In this section, we demonstrate how our system handles structural changes to the underlying data model by adding a new status column to the customer table and populating it with default values. Our architecture is designed to seamlessly propagate these schema modifications throughout the pipeline so that downstream analytics and processing capabilities remain uninterrupted while accommodating the enhanced data model. This flexibility is essential for maintaining a responsive, business-aligned data infrastructure that can evolve alongside changing organizational needs.

  1. Add a new status column to the customer table and populate it with default values as Green. 
    use salesdb;

ALTER TABLE customer ADD COLUMN status VARCHAR(20) NOT NULL;

UPDATE customer SET status = 'Green';

  2. Use the Athena console to validate the data and schema evolution, as shown in the following screenshot.
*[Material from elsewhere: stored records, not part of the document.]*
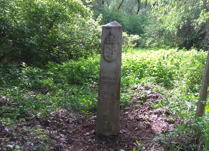 Tripoint Hungary-Slovakia-Ukraine. Border sign TISZA/HU
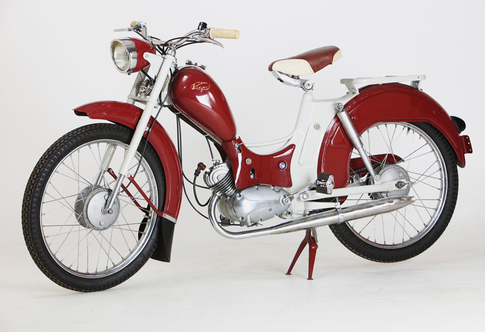 USSR moped « Riga-1», Riga motorcycle factory 1962
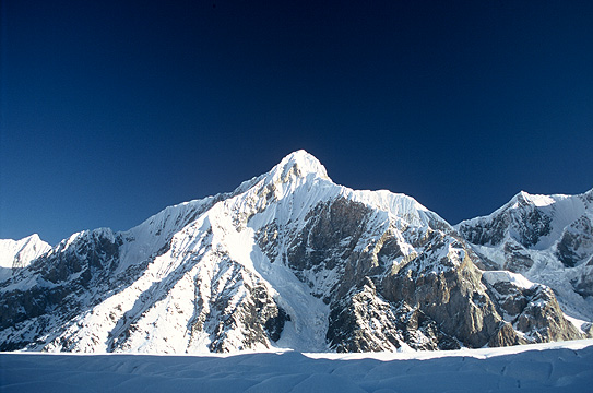 A scan from a 35mm transparency which I took on the South Inylchek Glacier in the Tien Shan mountains in Kyrgyzstan in July 2002. The mountain is Pik Gorkogo (Gorkiy Peak) (6050 m) on the north side of the glacier, opposite the Inylchek base camp. This scan is in the Public Domain (however, I retain ownership and copyright of the original transparency and any higher-resolution scans derived from it). If this image is used outside Wikipedia a photographer's credit (Simon Garbutt) would be much appreciated! SiGarb 00:08, 21 November 2005 (UTC)
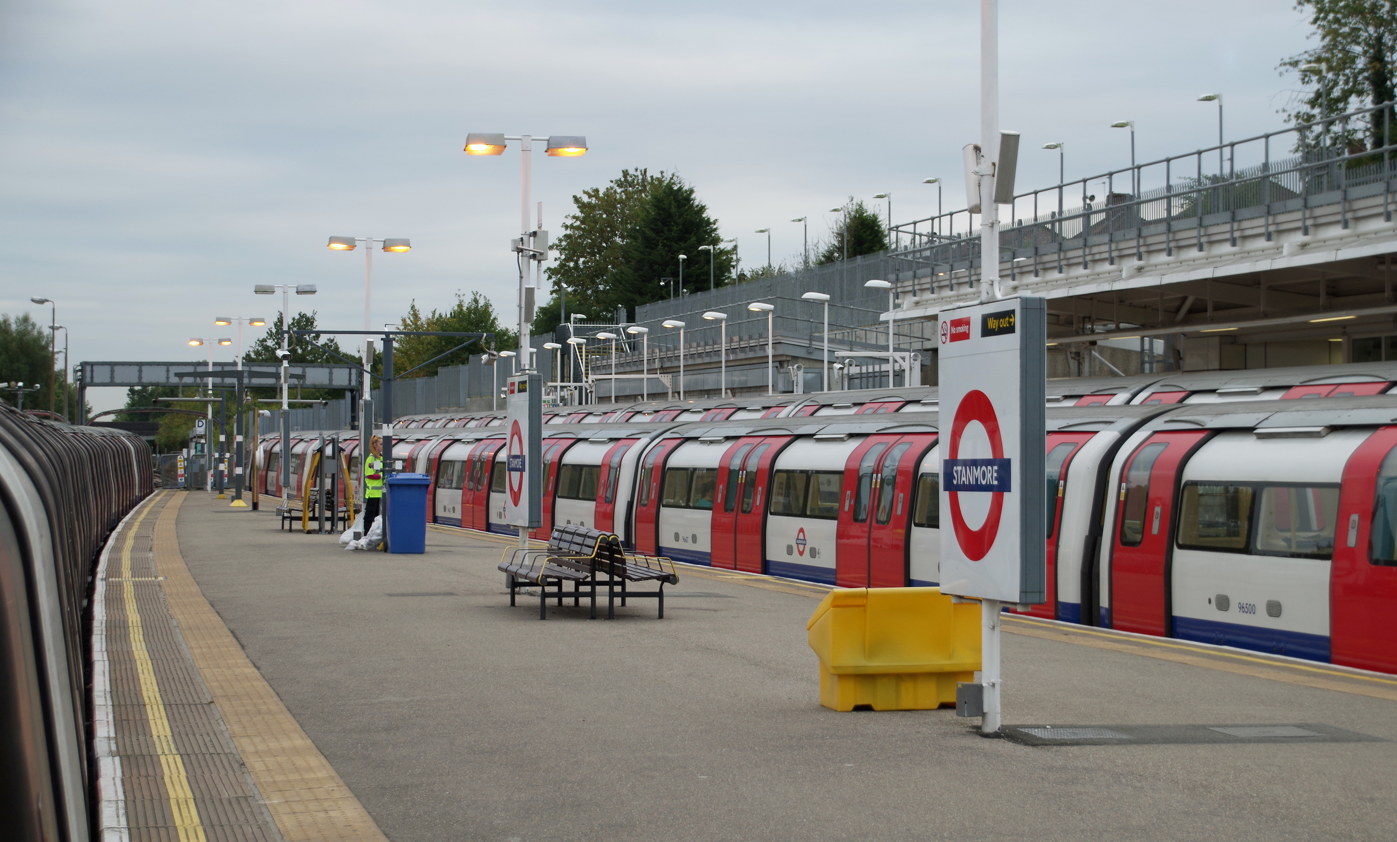 Jubilee Line 1996 Stock trains stand at Stanmore tube station.
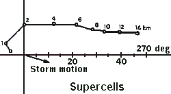 a hodograph of a supercell favorable environment
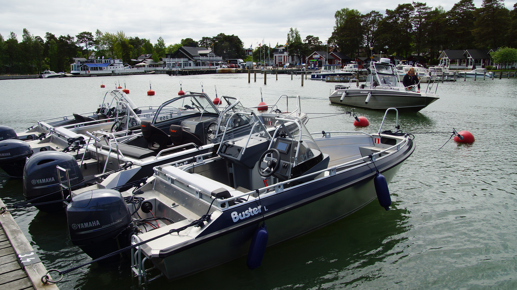 Nauvo Marina, The Archipelago Sea, Finland. Nagu Marina in Nagu village centre is the premier marina in the South West Archipelago.
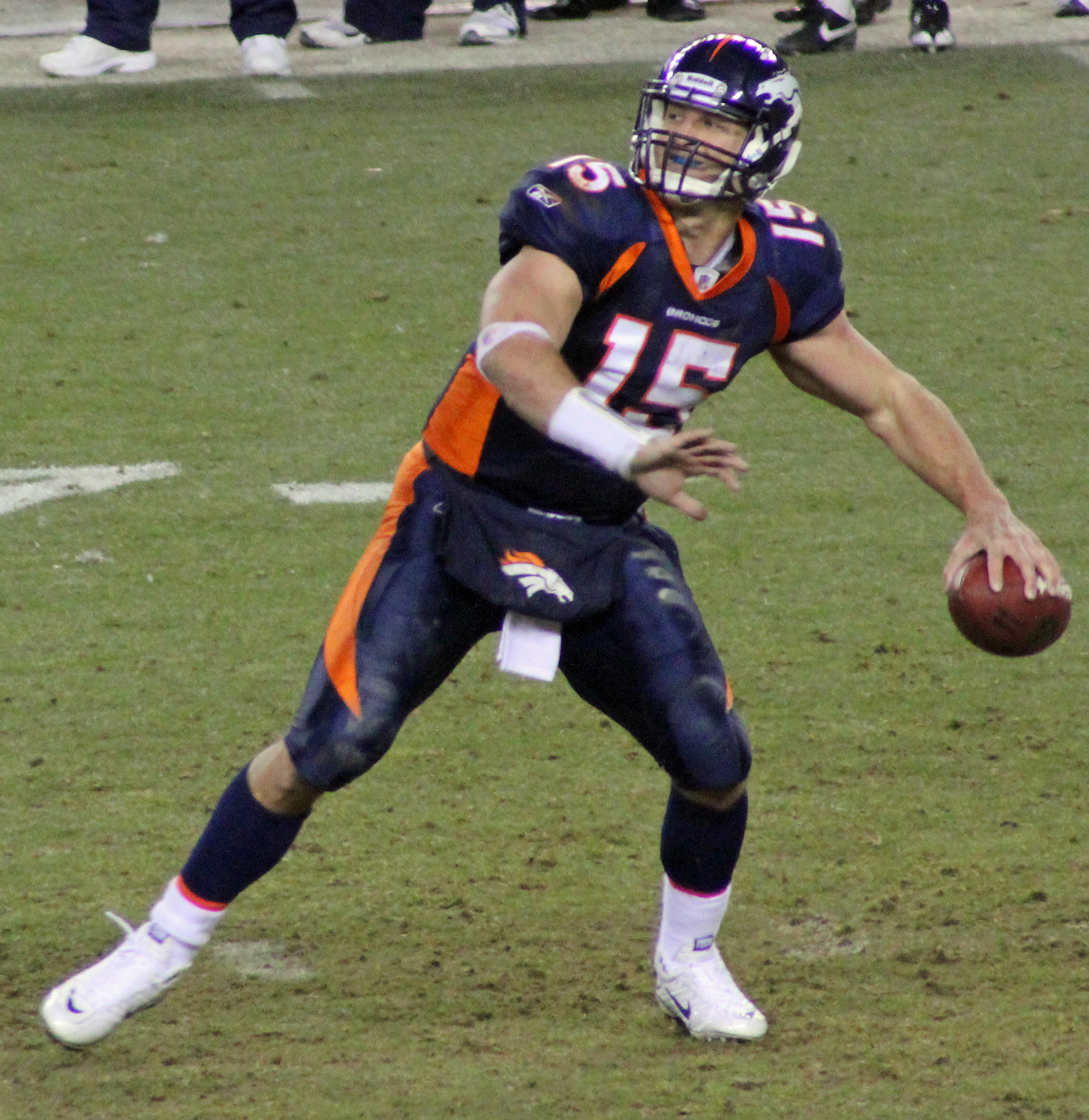 Tim Tebow about to throw a pass at a game against the San Diego Chargers in January 2011, demonstrating his extremely elongated throwing motion.
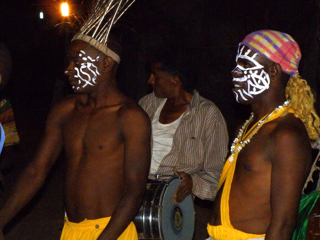 Siddi Folk Dancers, at Devaliya Naka, Sasan Gir, Gujarat, India. A tribe that descended from Ethiopia.
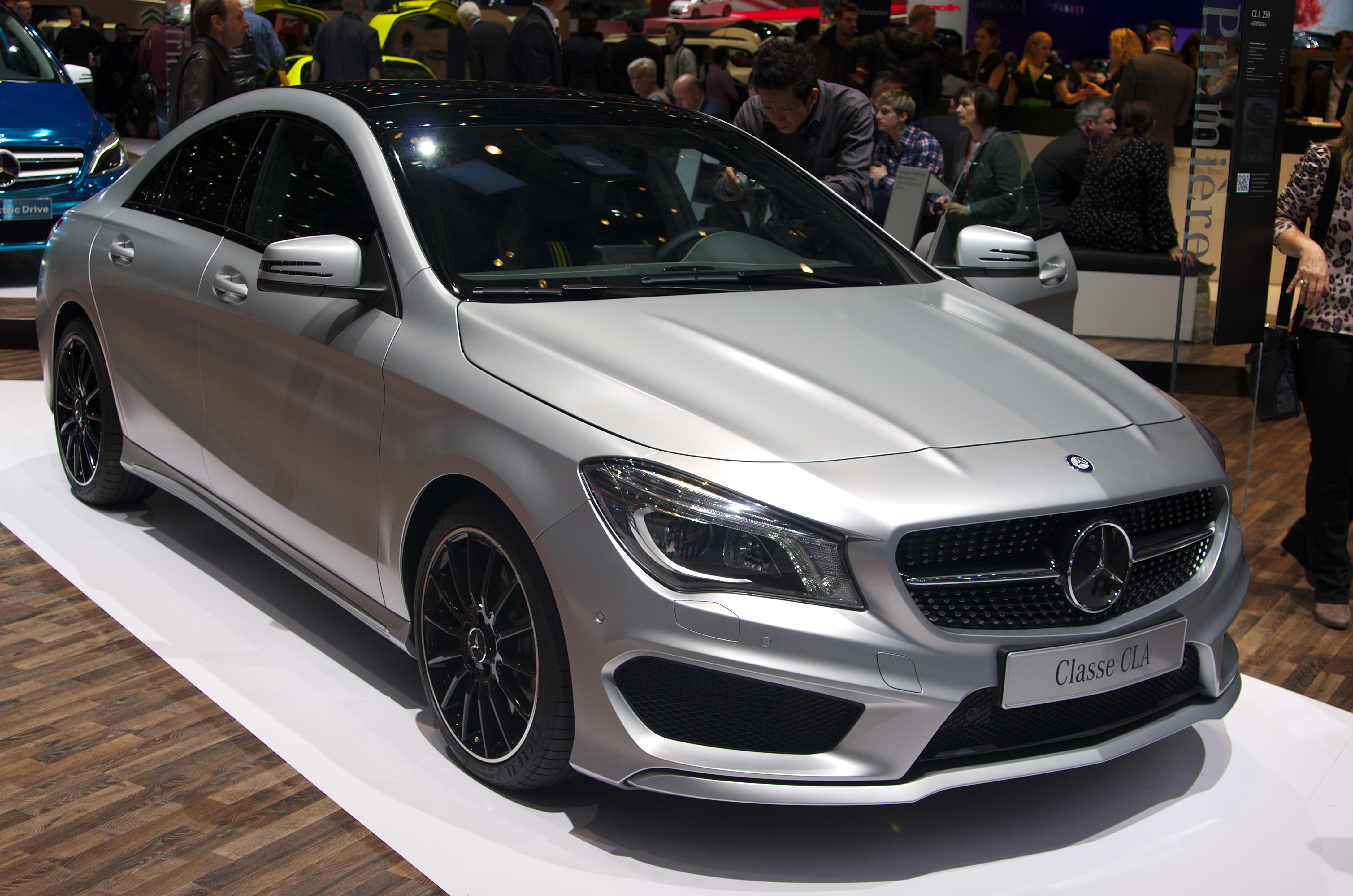 Geneva MotorShow 2013 - Mercedes Classe CLA grey
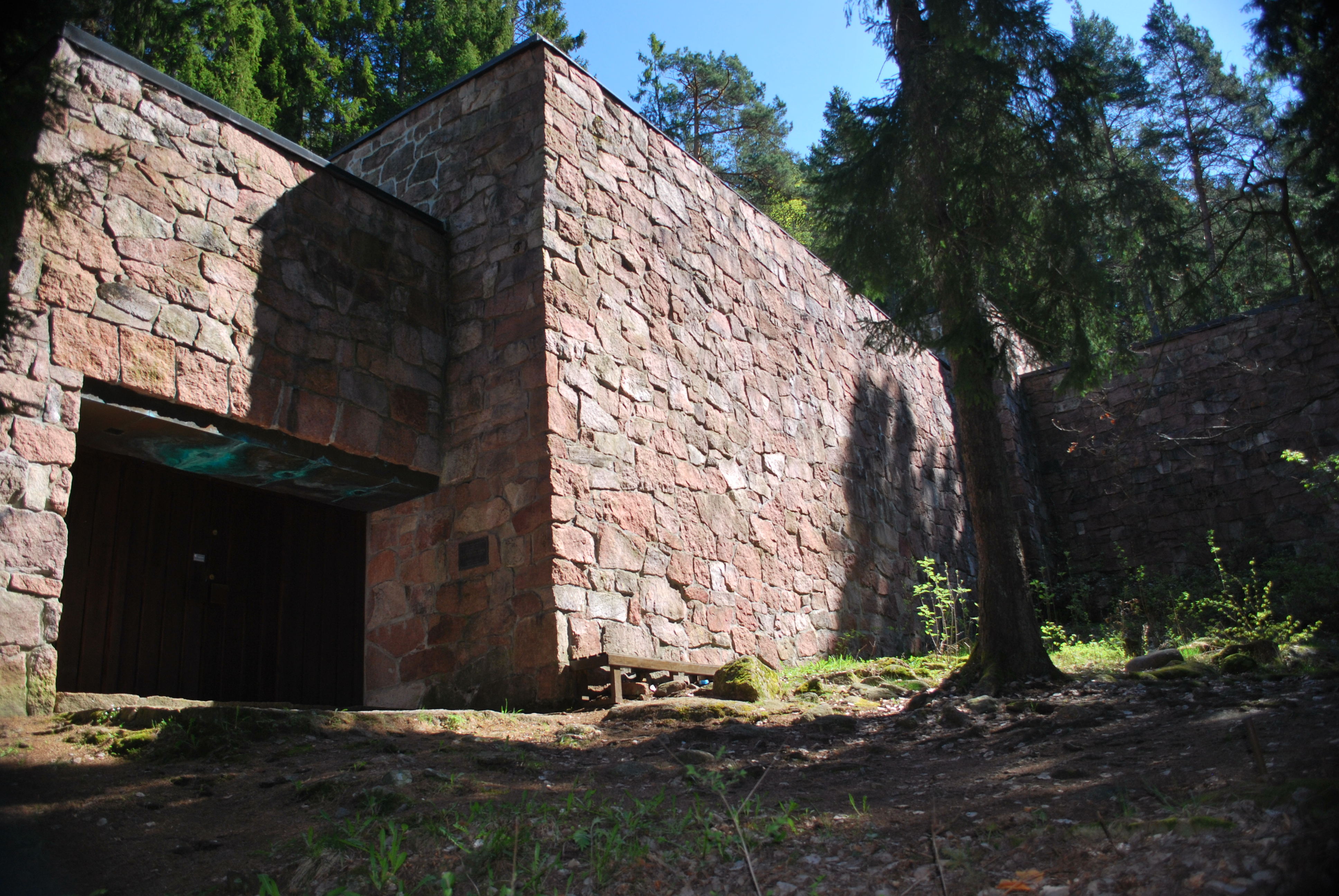 Holmsbu billedgalleri, south of the village Holmsbu, 1973, architect Bjart Mohr. Awarded A.C. Houens fonds diploma 1983

When schema evolution occurs in an Iceberg table, the metadata.json file undergoes specific updates to track and manage these changes. In job when schema evolution detected, it ran the following query to evolve the schema for the Iceberg table.

ALTER TABLE glue_catalog.glue_cdc_blogdb.iceberg_cdc_tbl ADD COLUMN status string

We checked the metadata.json file in Amazon S3 for iceberg table location, and the following screenshot shows how the schema evolved.

We now explain how our implementation handles schema evolution by automatically detecting and adding new columns from incoming data streams to existing Iceberg tables. The system employs a four-step process that analyzes incoming data schemas, compares them with existing table structures, identifies new columns, and executes the necessary ALTER TABLE statements to evolve the schema without manual intervention, though certain schema changes still require manual handling.

Clean up

To clean up your resources, complete the following steps:

  1. Stop the running AWS Glue streaming job:
    1. On the AWS Glue console, choose ETL jobs in the navigation pane.
    2. Search for the AWS Glue job named IcebergCDC-msk-iceberg-cdc-pipeline.
    3. Choose the job name to open its details page.
    4. On the Runs tab, select running jobrun and choose Stop job run. Confirm that the job stopped successfully.
  2. Remove the AWS Glue database and table:
    1. On the AWS Glue console, choose Tables in the navigation pane, select iceberg_cdc_tbl, and choose Delete.
    2. Choose Databases in the navigation pane, select glue_cdc_blogdb, and choose Delete.
  3. Delete the CloudFormation stack vpc-msk-mskconnect-rds-client-gluejob.yaml.

Conclusion

This post showcases a solution that businesses can use to access real-time data insights without the traditional delays between data creation and analysis. By combining Amazon MSK Serverless, Debezium MySQL connector, AWS Glue streaming, and Apache Iceberg tables, the architecture captures database changes instantly and makes them immediately available for analytics through Amazon Athena. A standout feature is the system’s ability to automatically adapt when database structures change—such as adding new columns—without disrupting operations or requiring manual intervention. This eliminates the technical complexity typically associated with real-time data pipelines and provides business users with the most current information for decision-making, effectively bridging the gap between operational databases and analytical systems in a cost-effective, scalable way.

About the Authors

Nitin Kumar

Nitin Kumar

Nitin is a Cloud Engineer (ETL) at AWS, specializing in AWS Glue. With a decade of experience, he excels in aiding customers with their big data workloads, focusing on data processing and analytics. In his free time, he likes to watch movies and spend time with his family.

Shubham Purwar

Shubham Purwar

Shubham is an Analytics Specialist Solutions Architect at AWS. He helps organizations unlock the full potential of their data by designing and implementing scalable, secure, and high-performance analytics solutions on AWS. In his free time, Shubham loves to spend time with his family and travel around the world.

Noritaka Sekiyama

Noritaka Sekiyama

Noritaka is a Principal Big Data Architect on the AWS Glue team. He works based in Tokyo, Japan. He is responsible for building software artifacts to help customers. In his spare time, he enjoys cycling with his road bike.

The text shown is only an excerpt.